━━━━━ Extracted entries ━━━━━

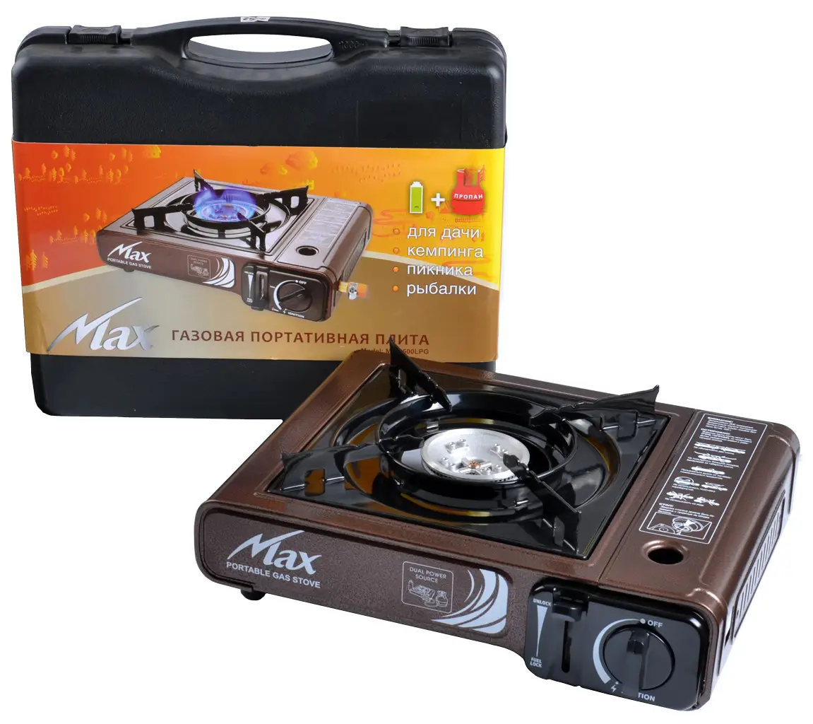 Плита газовая портативная MAX MS-2500LPG - Двойного действия - С адаптером - В кейсе - Корея - Коричнево-черная
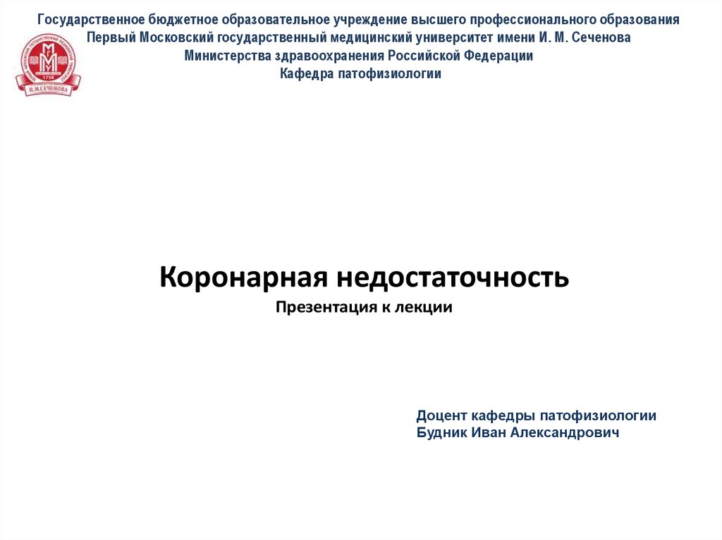 Государственное бюджетное образовательное учреждение высшего профессионального образованияПервый Московский государственный медицинский университет имени И. М. Сеченова
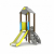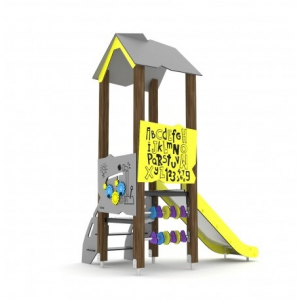 Composto da: 1 tetto a due falde in polietilene ad alta densità. 4 montanti in lamellare di pino nordico sez. 90x90 mm con staffa in acciaio zincato per l'ancoraggio al terreno. 2 pannelli ludico motori 1 scala con gradini ad h=90 cm, corrimano in polietilene ad alta densità. 1 scivolo con pista in acciaio inox fianchi in polietilene ad alta densità. 1 pallottoliere con pannellini verticali in PEHD e tubolare in acciaio inossidabile.
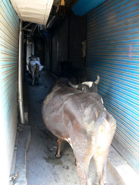 On peut vraiment tout penser avec une image. Celle-ci est prise a Delhi à 7h du matin... Aucune d'elle ne finira dans une assiette. Ni dans un champ d'ailleurs. Le premier plan est éclairé par le soleil. J'ai volontairement joué sur ce soleil et le temps d'expo pour avoir ce coté un peu décallé et le flouté de la bète.
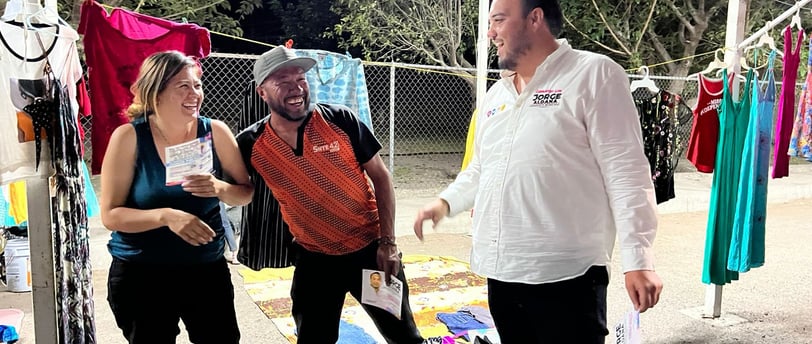 Reciben comerciantes de venta nocturna a Jorge Aldana en mercado de la Abraham González: "Cuentan con nuestro apoyo para que ésto crezca"
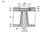なおここでは、電極パッド(内部電極26、素子面電極27)が2個配置された例を示したが、電極パッドは少なくとも2個以上配置されていれば良い。例えば、内部電極26と素子面電極27間の層間絶縁膜13内に、1個あるいは複数個の電極パッドが配置されていても良い。またここでは、層間絶縁膜13内に配線14が3層形成された例を示している。  Although an example in which two electrode pads (
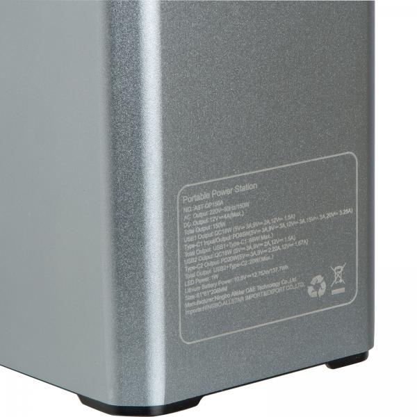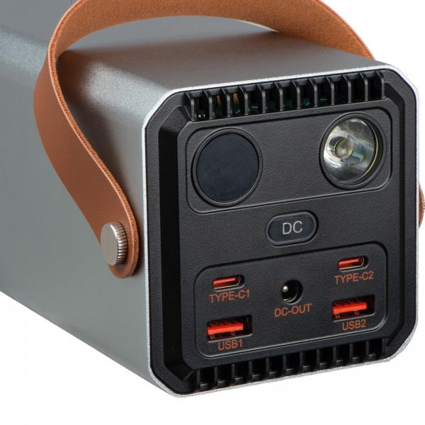 Power bank wykonany z aluminium, o pojemności 39 000 mAh. Moc wyjściowa max. 150W, wejście i wyjście USB oraz typ C.Dane techniczne:DC-OUT (5521) Output: 12V 4.0A (Max.) Type-C1 Input/Output: PD65W USB1 Output: QC18W Type-C2 Output: PD20W USB2 Output: QC18W USB1+Type-C1 Total Output: 65W (Max.) USB2+Type-C2 Total Output: 20W (Max.) AC Output: 220V/50Hz, 150W (Max.) LED Torch: 1W Pojemność: 10.8V/12.75Ah/137,7Wh (38250 mAh). ??Inne:Produkt zapakowany w solidny karton, zabezpieczony pianką wewnątrz. Zestaw zawiera wtyczkę z typem złącza C. Input: 100-240VAC, 50-60Hz, 1A, Output USB-C: PD 3.0 (max. 20W) 5V/3A (max. 15W), 9V/2A (max. 18W), 12V/1.67A (max. 20W) oraz kabel wyposażony w podwójne złącze typu C
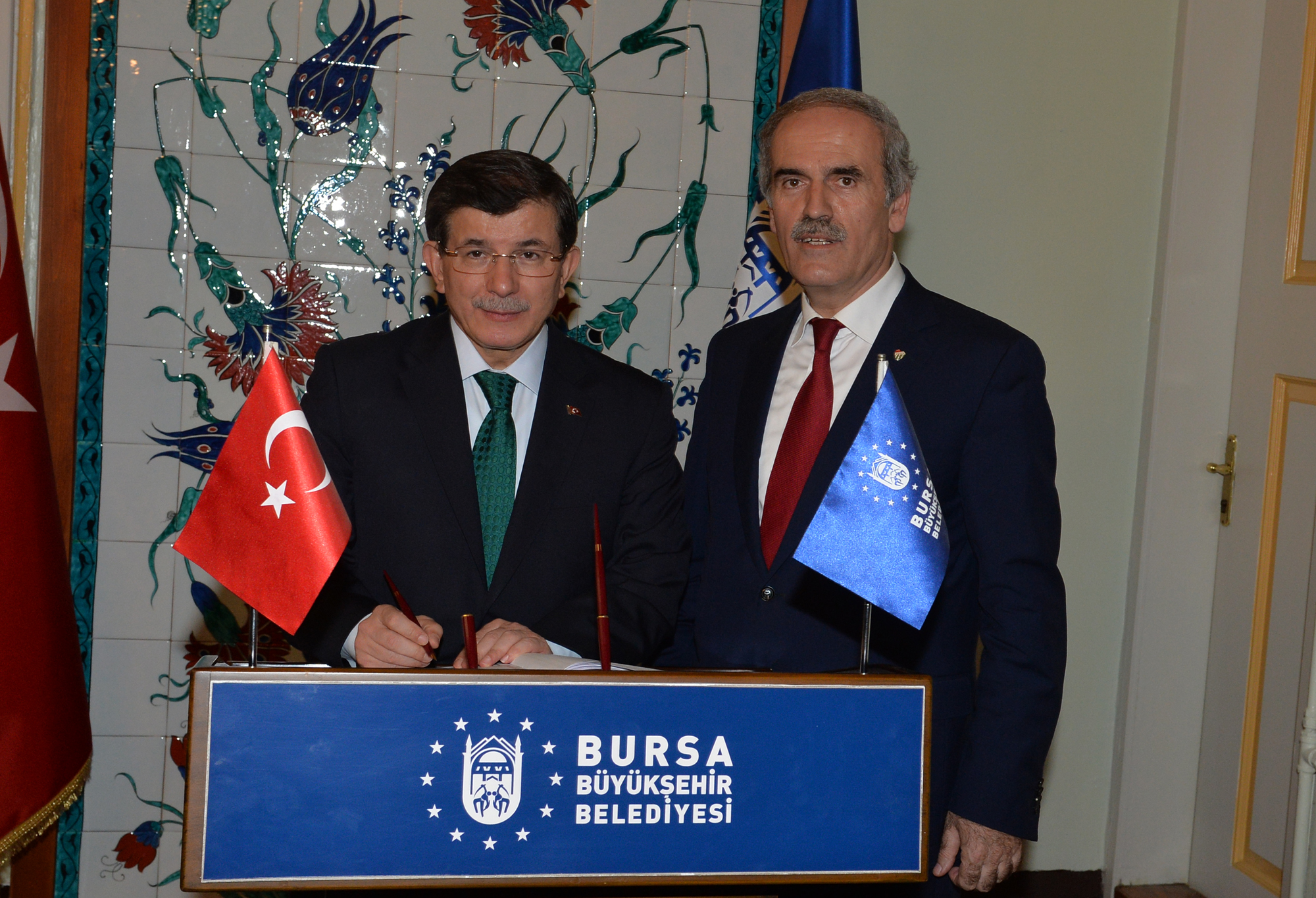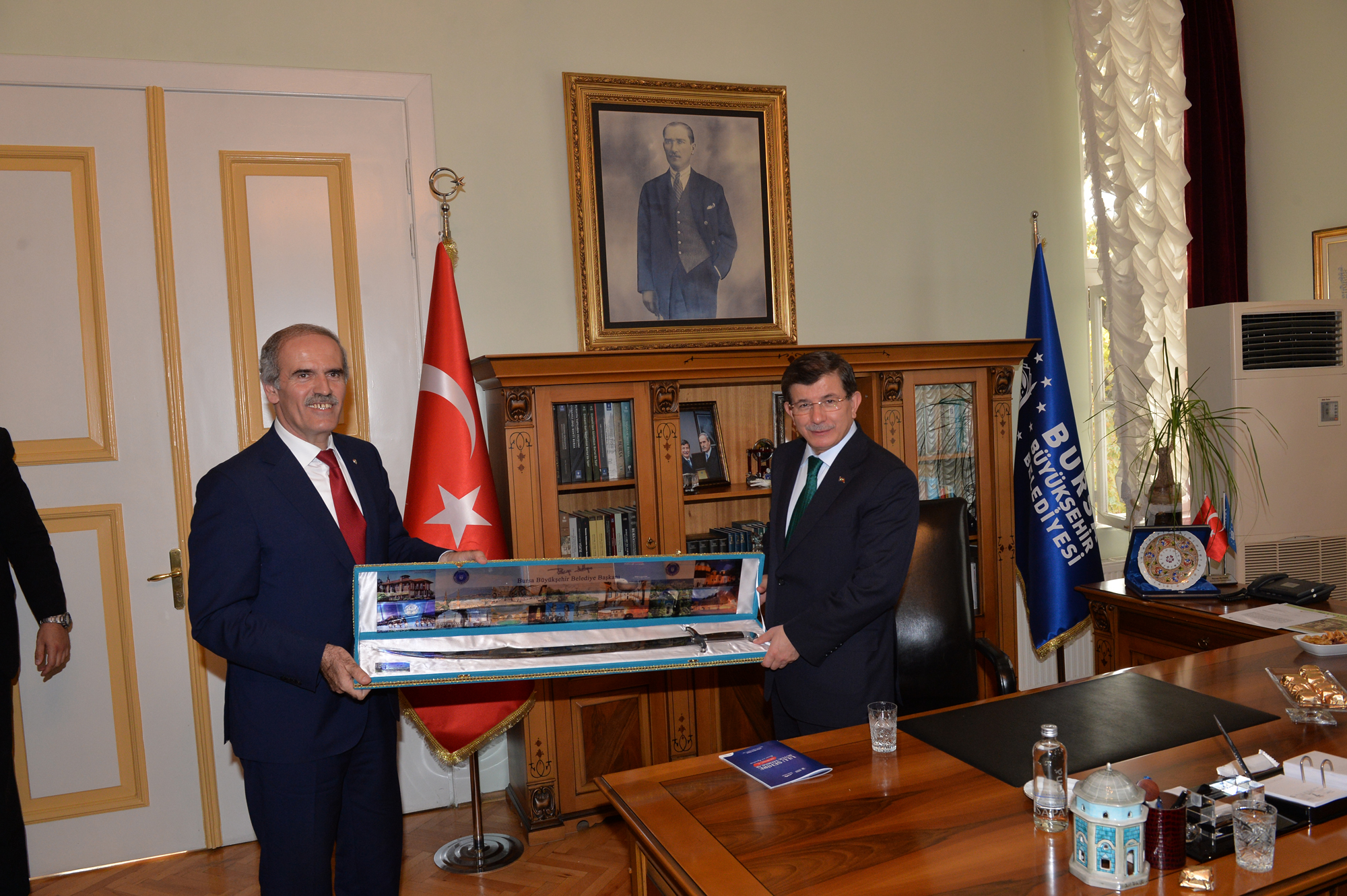 Bursa Valiliği, Büyükşehir, Yıldırım ve Osmangazi Belediyeleri ile Sağlık Bakanlığı ve Ulaştırma Bakanlığı tarafından Bursa’da yaptırılan ve 720 milyon TL’ye mal olan 21 yatırımın hizmete açılış töreni için Bursa’ya gelen Başbakan Ahmet Davutoğlu, Ulucami’de Cuma namazını kıldıktan sonra yürüyerek Tarihi Büyükşehir Belediye Binası’na geldi. Burada Büyükşehir Belediye Başkanı Recep Altepe tarafından karşılanan Davutoğlu’na, Büyükşehir Belediyesi’nin çevre gönüllüleri tarafından çiçek verildi. Daha sonra beraberindeki Başbakan Yardımcısı Bülent Arınç, İçişleri Bakanı Efkan Ala, Maliye Bakanı Mehmet Şimşek, Orman ve Su işleri Bakanı Veysel Eroğlu ve Çevre ve Şehircilik Bakanı İdris Güllüce ile birlikte Başkan Altepe’yi makamında ziyaret eden Başbakan Davutoğlu, Bursa’da hayata geçirilen yatırımlar hakkında Başkan Altepe’den bilgi aldı. Basına kapalı yapılan ve yaklaşık 45 dakika süren ziyaretin sonunda Başkan Altepe, günün anısına Başbakan Davutoğlu’na el yapımı bir kılıç hediye etti. El yapımı kılıcı dikkatle inceleyen Başbakan Davutoğlu, kendisinin kılıç ve kama koleksiyonu olduğunu belirterek, bu kılıcı da kendi özel koleksiyonunda saklayacağını söyledi.
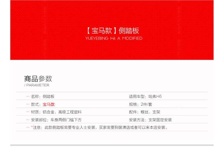 立即發(fā)布求購意向本網(wǎng)頁所展示的有關(guān)【哈佛新H6踏板新H6升級款踏板側(cè)踏板裙邊踏板運動款踏板老H6踏板6_車身件_蘇州凡康汽配有限公司】的信息/圖片/參數(shù)等由全球零部件網(wǎng)的會員【蘇州凡康汽配有限公司】提供,由全球零部件網(wǎng)會員【蘇州凡康汽配有限公司】自行對信息/圖片/參數(shù)等的真實性、準(zhǔn)確性和合法性負(fù)責(zé),本平臺(本網(wǎng)站)僅提供展示服務(wù),請謹(jǐn)慎交易,因交易而產(chǎn)生的法律關(guān)系及法律糾紛由您自行協(xié)商解決,本平臺(本網(wǎng)站)對此不承擔(dān)任何責(zé)任。您在本網(wǎng)頁可以瀏覽【哈佛新H6踏板新H6升級款踏板側(cè)踏板裙邊踏板運動款踏板老H6踏板6_車身件_蘇州凡康汽配有限公司】有關(guān)的信息/圖片/價格等及提供【哈佛新H6踏板新H6升級款踏板側(cè)踏板裙邊踏板運動款踏板老H6踏板6_車身件_蘇州凡康汽配有限公司】的商家公司簡介、聯(lián)系方式等信息。
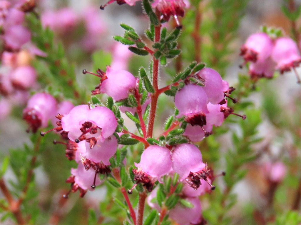 It produces numerous small urn- or cup-shaped, pink flowers, which are clustered at the ends of short branchlets. The flowers are only about 3 mm long and slightly constricted at the mouth from which the anthers protrude. The overall effect is a petite plant that is rather attractive when in flower in early summer (November and December).
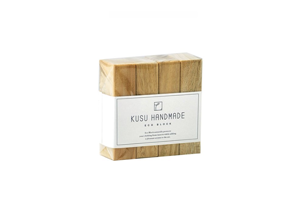 "KUSU HANDMADE Eco-block 4 packs" is an insect repellent (for clothing) that recycles the edge material of Kusunoki (Kusunoki).
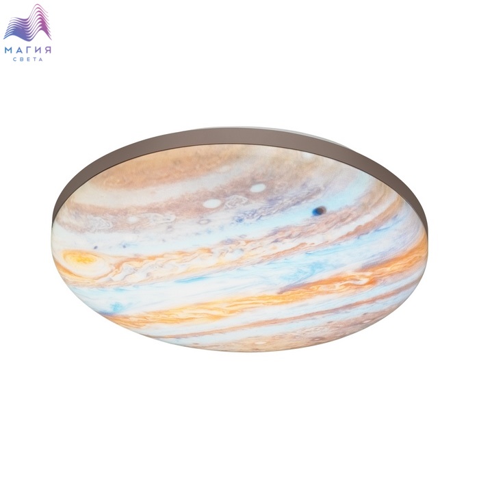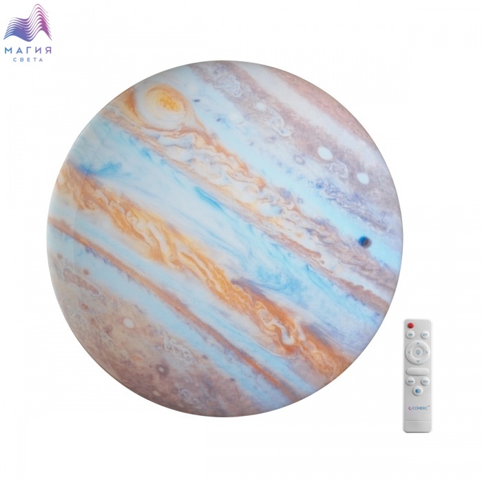 Светильник 7724/DL серии Сонекс Jupiter состоит из металлического основания и пластикового рассеивателя. Материал рассеивателя - высококачественный пластик марки PMMA 2.0 цвета мульти с глянцевой поверхностью. Степень защиты IP43 позволяет использовать светильник в определенных зонах влажных помещений. В комплект входит заменяемый LED модуль с линзами, мощностью 48 Вт, которая соответствует лампе накаливания 440 Вт. А также пульт ДУ, с помощью которого осуществляется плавное изменение цветовой температуры 3000-6000К, изменение яркости, переход в режим переключения теплого/белого/холодного/ночного света. Светильник имеет функцию "память".

━━━━━

• Problem to work on
Copy exactly the lines of the listing above between the one holding "Reciben comerciantes de" and the one holding "an example in", inclusive; omit all pictures.

• Expected answer
 Reciben comerciantes de venta nocturna a Jorge Aldana en mercado de la Abraham González: "Cuentan con nuestro apoyo para que ésto crezca"
なおここでは、電極パッド(内部電極26、素子面電極27)が2個配置された例を示したが、電極パッドは少なくとも2個以上配置されていれば良い。例えば、内部電極26と素子面電極27間の層間絶縁膜13内に、1個あるいは複数個の電極パッドが配置されていても良い。またここでは、層間絶縁膜13内に配線14が3層形成された例を示している。  Although an example in which two electrode pads (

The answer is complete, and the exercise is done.